[Activity]
Reproduce the listing below word for word and exclude any picture.
=== Section Start ===
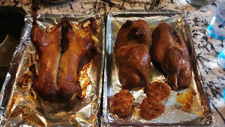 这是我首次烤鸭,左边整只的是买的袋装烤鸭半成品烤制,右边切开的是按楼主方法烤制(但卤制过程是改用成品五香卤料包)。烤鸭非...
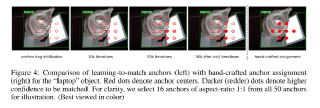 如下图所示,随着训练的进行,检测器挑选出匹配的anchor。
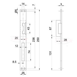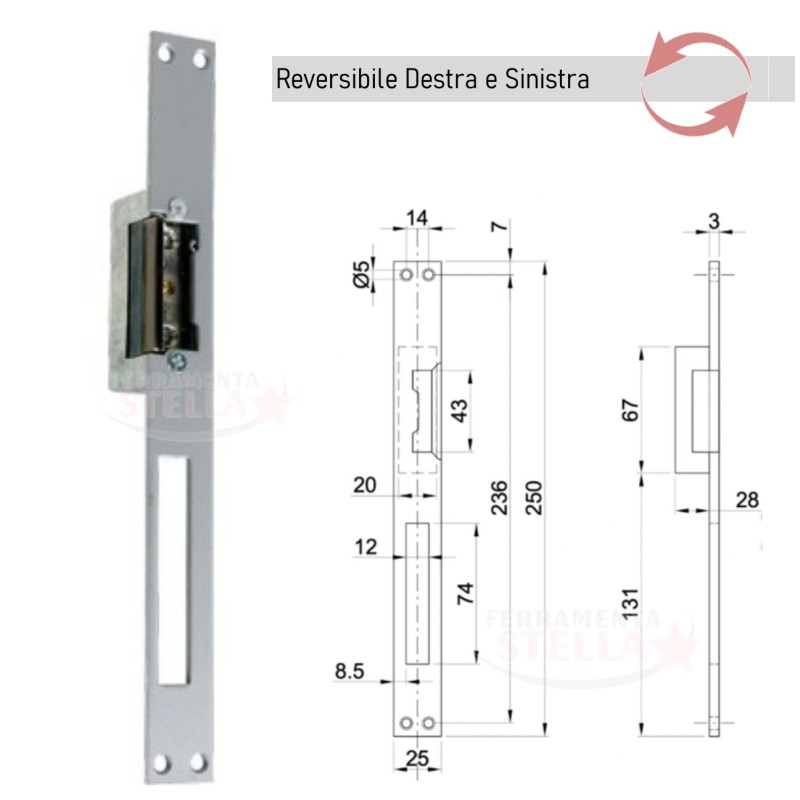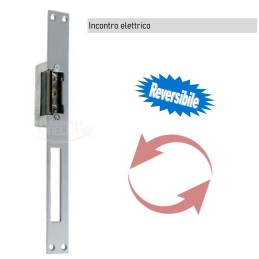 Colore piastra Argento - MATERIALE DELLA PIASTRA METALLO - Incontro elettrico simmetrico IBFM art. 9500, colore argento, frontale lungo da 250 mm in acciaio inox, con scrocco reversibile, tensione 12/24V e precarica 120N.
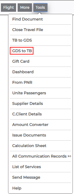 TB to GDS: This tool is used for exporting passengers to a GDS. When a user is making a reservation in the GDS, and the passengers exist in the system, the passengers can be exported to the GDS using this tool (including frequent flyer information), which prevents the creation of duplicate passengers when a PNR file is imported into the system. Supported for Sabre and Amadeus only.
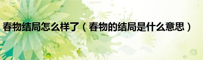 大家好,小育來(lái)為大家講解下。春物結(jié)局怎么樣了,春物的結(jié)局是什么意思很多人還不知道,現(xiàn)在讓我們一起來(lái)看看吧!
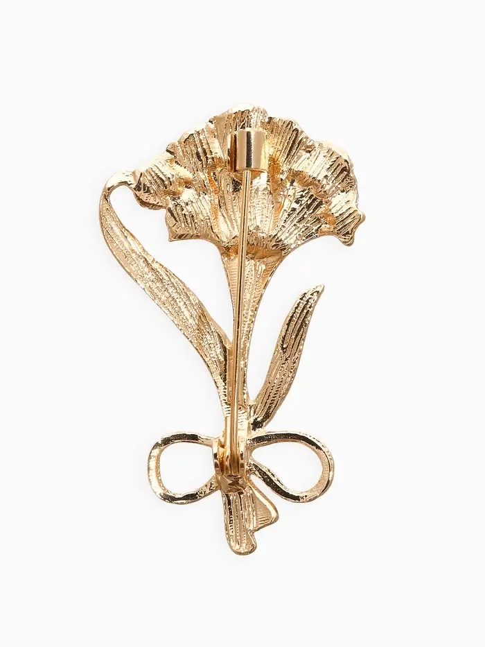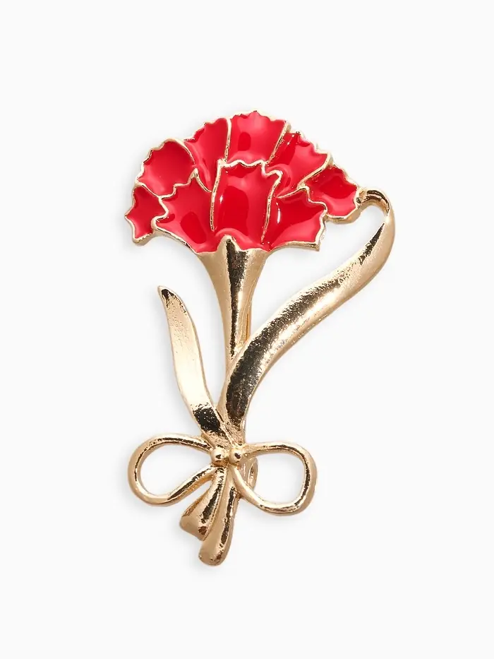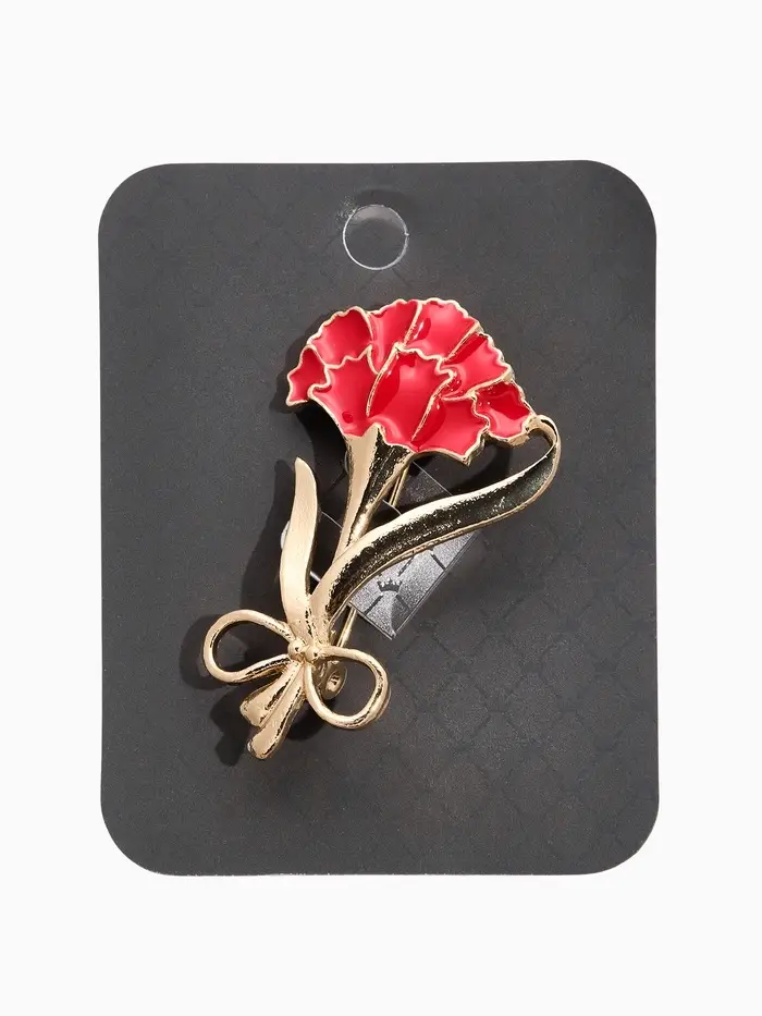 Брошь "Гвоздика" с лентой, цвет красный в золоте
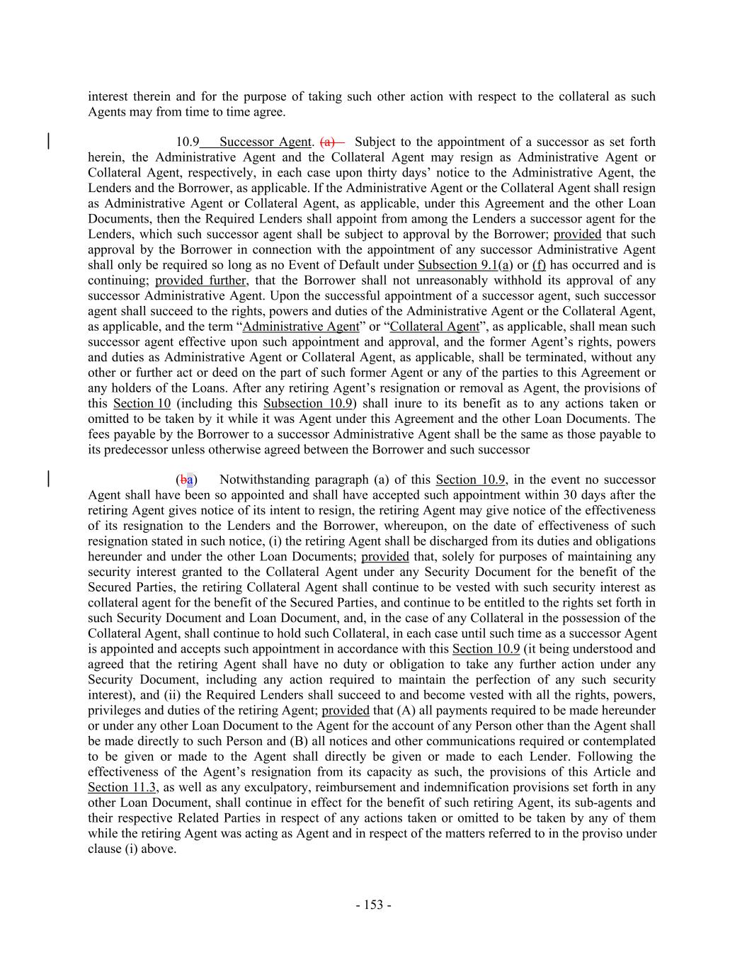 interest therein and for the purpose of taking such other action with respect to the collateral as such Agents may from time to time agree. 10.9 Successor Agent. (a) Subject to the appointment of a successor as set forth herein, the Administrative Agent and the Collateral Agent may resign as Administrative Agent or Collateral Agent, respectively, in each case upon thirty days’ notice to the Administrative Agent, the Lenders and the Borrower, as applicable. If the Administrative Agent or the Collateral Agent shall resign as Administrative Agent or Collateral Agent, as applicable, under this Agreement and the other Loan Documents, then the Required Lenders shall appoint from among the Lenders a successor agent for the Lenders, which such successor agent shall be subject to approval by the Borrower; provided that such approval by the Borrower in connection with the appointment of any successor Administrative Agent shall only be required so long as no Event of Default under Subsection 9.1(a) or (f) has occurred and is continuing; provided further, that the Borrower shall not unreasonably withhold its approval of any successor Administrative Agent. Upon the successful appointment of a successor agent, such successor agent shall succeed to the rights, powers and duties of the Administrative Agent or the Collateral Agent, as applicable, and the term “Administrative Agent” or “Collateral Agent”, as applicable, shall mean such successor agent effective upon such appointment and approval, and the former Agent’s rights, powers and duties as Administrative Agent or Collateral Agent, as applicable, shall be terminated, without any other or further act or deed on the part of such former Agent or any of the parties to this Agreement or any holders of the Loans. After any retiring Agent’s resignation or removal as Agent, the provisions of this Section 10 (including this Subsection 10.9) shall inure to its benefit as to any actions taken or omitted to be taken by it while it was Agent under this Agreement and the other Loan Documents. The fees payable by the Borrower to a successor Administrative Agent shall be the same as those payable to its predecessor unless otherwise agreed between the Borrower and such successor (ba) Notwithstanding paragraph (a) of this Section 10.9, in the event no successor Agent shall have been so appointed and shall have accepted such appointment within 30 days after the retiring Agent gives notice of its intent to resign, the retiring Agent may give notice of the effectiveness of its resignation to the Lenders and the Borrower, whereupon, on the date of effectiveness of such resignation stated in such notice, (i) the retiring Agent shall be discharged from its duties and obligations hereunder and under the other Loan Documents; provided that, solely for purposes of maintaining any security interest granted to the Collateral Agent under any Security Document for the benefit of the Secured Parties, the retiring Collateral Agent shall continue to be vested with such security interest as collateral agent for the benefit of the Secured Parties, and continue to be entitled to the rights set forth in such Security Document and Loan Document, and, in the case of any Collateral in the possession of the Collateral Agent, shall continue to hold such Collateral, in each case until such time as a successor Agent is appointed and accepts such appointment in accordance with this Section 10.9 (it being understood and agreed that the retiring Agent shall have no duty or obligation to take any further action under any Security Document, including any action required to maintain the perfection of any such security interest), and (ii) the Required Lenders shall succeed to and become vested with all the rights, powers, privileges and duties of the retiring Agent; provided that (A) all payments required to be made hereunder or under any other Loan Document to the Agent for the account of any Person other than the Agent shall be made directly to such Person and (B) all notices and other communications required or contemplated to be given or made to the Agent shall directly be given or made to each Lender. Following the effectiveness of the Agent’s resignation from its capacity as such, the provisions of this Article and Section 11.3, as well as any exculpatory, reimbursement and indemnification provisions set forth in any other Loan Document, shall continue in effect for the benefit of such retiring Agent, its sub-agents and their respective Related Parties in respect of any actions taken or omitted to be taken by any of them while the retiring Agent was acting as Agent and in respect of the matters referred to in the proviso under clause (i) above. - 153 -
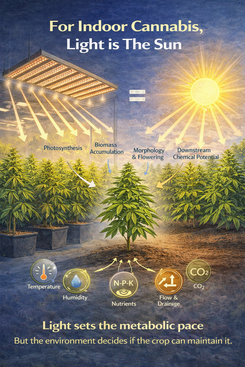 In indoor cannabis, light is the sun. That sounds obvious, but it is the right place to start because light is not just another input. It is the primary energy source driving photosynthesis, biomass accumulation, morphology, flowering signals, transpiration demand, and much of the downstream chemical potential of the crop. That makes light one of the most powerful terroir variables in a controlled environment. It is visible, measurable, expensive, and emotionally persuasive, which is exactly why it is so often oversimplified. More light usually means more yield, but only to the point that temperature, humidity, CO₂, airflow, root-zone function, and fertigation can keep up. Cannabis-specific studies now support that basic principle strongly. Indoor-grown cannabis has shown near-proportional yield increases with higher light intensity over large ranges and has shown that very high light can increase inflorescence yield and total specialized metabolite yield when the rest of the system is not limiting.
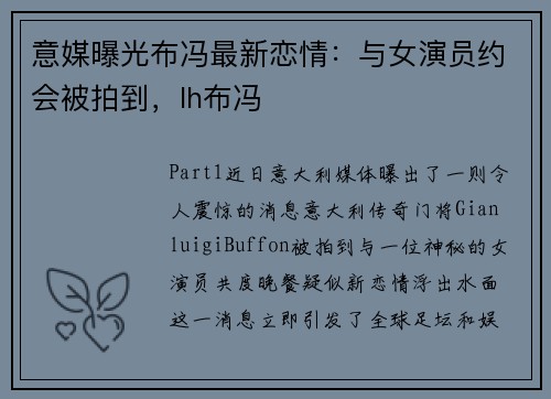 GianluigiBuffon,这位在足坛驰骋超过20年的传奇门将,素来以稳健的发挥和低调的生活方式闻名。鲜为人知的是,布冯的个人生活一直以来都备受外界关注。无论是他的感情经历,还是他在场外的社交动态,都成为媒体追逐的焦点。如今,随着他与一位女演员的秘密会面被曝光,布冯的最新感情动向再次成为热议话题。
=== Section End ===
[Output]
 这是我首次烤鸭,左边整只的是买的袋装烤鸭半成品烤制,右边切开的是按楼主方法烤制(但卤制过程是改用成品五香卤料包)。烤鸭非...
 如下图所示,随着训练的进行,检测器挑选出匹配的anchor。
 Colore piastra Argento - MATERIALE DELLA PIASTRA METALLO - Incontro elettrico simmetrico IBFM art. 9500, colore argento, frontale lungo da 250 mm in acciaio inox, con scrocco reversibile, tensione 12/24V e precarica 120N.
 TB to GDS: This tool is used for exporting passengers to a GDS. When a user is making a reservation in the GDS, and the passengers exist in the system, the passengers can be exported to the GDS using this tool (including frequent flyer information), which prevents the creation of duplicate passengers when a PNR file is imported into the system. Supported for Sabre and Amadeus only.
 大家好,小育來(lái)為大家講解下。春物結(jié)局怎么樣了,春物的結(jié)局是什么意思很多人還不知道,現(xiàn)在讓我們一起來(lái)看看吧!
 Брошь "Гвоздика" с лентой, цвет красный в золоте
 interest therein and for the purpose of taking such other action with respect to the collateral as such Agents may from time to time agree. 10.9 Successor Agent. (a) Subject to the appointment of a successor as set forth herein, the Administrative Agent and the Collateral Agent may resign as Administrative Agent or Collateral Agent, respectively, in each case upon thirty days’ notice to the Administrative Agent, the Lenders and the Borrower, as applicable. If the Administrative Agent or the Collateral Agent shall resign as Administrative Agent or Collateral Agent, as applicable, under this Agreement and the other Loan Documents, then the Required Lenders shall appoint from among the Lenders a successor agent for the Lenders, which such successor agent shall be subject to approval by the Borrower; provided that such approval by the Borrower in connection with the appointment of any successor Administrative Agent shall only be required so long as no Event of Default under Subsection 9.1(a) or (f) has occurred and is continuing; provided further, that the Borrower shall not unreasonably withhold its approval of any successor Administrative Agent. Upon the successful appointment of a successor agent, such successor agent shall succeed to the rights, powers and duties of the Administrative Agent or the Collateral Agent, as applicable, and the term “Administrative Agent” or “Collateral Agent”, as applicable, shall mean such successor agent effective upon such appointment and approval, and the former Agent’s rights, powers and duties as Administrative Agent or Collateral Agent, as applicable, shall be terminated, without any other or further act or deed on the part of such former Agent or any of the parties to this Agreement or any holders of the Loans. After any retiring Agent’s resignation or removal as Agent, the provisions of this Section 10 (including this Subsection 10.9) shall inure to its benefit as to any actions taken or omitted to be taken by it while it was Agent under this Agreement and the other Loan Documents. The fees payable by the Borrower to a successor Administrative Agent shall be the same as those payable to its predecessor unless otherwise agreed between the Borrower and such successor (ba) Notwithstanding paragraph (a) of this Section 10.9, in the event no successor Agent shall have been so appointed and shall have accepted such appointment within 30 days after the retiring Agent gives notice of its intent to resign, the retiring Agent may give notice of the effectiveness of its resignation to the Lenders and the Borrower, whereupon, on the date of effectiveness of such resignation stated in such notice, (i) the retiring Agent shall be discharged from its duties and obligations hereunder and under the other Loan Documents; provided that, solely for purposes of maintaining any security interest granted to the Collateral Agent under any Security Document for the benefit of the Secured Parties, the retiring Collateral Agent shall continue to be vested with such security interest as collateral agent for the benefit of the Secured Parties, and continue to be entitled to the rights set forth in such Security Document and Loan Document, and, in the case of any Collateral in the possession of the Collateral Agent, shall continue to hold such Collateral, in each case until such time as a successor Agent is appointed and accepts such appointment in accordance with this Section 10.9 (it being understood and agreed that the retiring Agent shall have no duty or obligation to take any further action under any Security Document, including any action required to maintain the perfection of any such security interest), and (ii) the Required Lenders shall succeed to and become vested with all the rights, powers, privileges and duties of the retiring Agent; provided that (A) all payments required to be made hereunder or under any other Loan Document to the Agent for the account of any Person other than the Agent shall be made directly to such Person and (B) all notices and other communications required or contemplated to be given or made to the Agent shall directly be given or made to each Lender. Following the effectiveness of the Agent’s resignation from its capacity as such, the provisions of this Article and Section 11.3, as well as any exculpatory, reimbursement and indemnification provisions set forth in any other Loan Document, shall continue in effect for the benefit of such retiring Agent, its sub-agents and their respective Related Parties in respect of any actions taken or omitted to be taken by any of them while the retiring Agent was acting as Agent and in respect of the matters referred to in the proviso under clause (i) above. - 153 -
 In indoor cannabis, light is the sun. That sounds obvious, but it is the right place to start because light is not just another input. It is the primary energy source driving photosynthesis, biomass accumulation, morphology, flowering signals, transpiration demand, and much of the downstream chemical potential of the crop. That makes light one of the most powerful terroir variables in a controlled environment. It is visible, measurable, expensive, and emotionally persuasive, which is exactly why it is so often oversimplified. More light usually means more yield, but only to the point that temperature, humidity, CO₂, airflow, root-zone function, and fertigation can keep up. Cannabis-specific studies now support that basic principle strongly. Indoor-grown cannabis has shown near-proportional yield increases with higher light intensity over large ranges and has shown that very high light can increase inflorescence yield and total specialized metabolite yield when the rest of the system is not limiting.
 GianluigiBuffon,这位在足坛驰骋超过20年的传奇门将,素来以稳健的发挥和低调的生活方式闻名。鲜为人知的是,布冯的个人生活一直以来都备受外界关注。无论是他的感情经历,还是他在场外的社交动态,都成为媒体追逐的焦点。如今,随着他与一位女演员的秘密会面被曝光,布冯的最新感情动向再次成为热议话题。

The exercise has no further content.